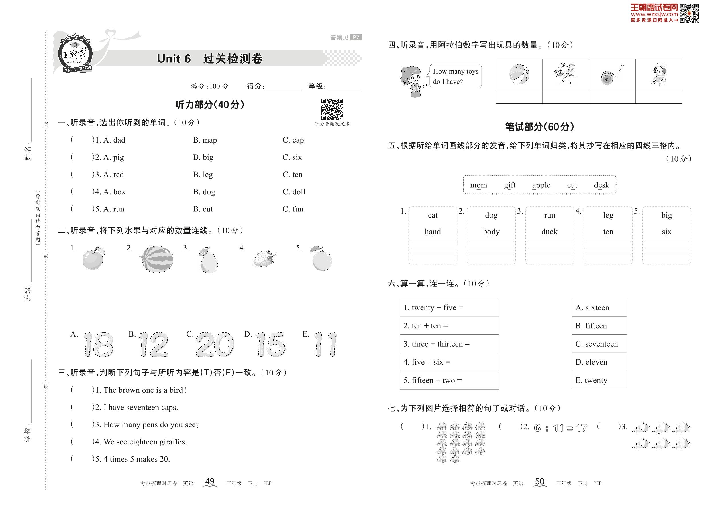 2023下册三年级英语人教PEP版 Unit 6 过关检测卷
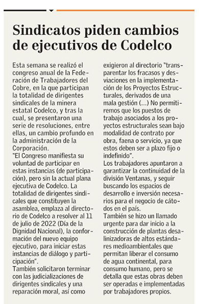 Congreso de la FTC pide nueva plana ejecutiva de Codelco al 11 de julio para retomar el diálogo - (DF Online)
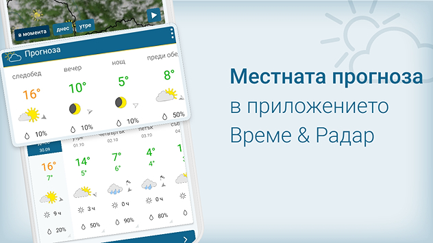 С Метеокартата в приложението Време & Радар можете да следите какво се случва в небето по всяко време и навсякъде по света.

# # # # # # #

YOUR TASK: Extract word for word every line from the line that contains "Congreso de la" to the final line of the data, both included, and nothing else; skip the pictures.

RESULT FOR THIS TASK:
 Congreso de la FTC pide nueva plana ejecutiva de Codelco al 11 de julio para retomar el diálogo - (DF Online)
 С Метеокартата в приложението Време & Радар можете да следите какво се случва в небето по всяко време и навсякъде по света.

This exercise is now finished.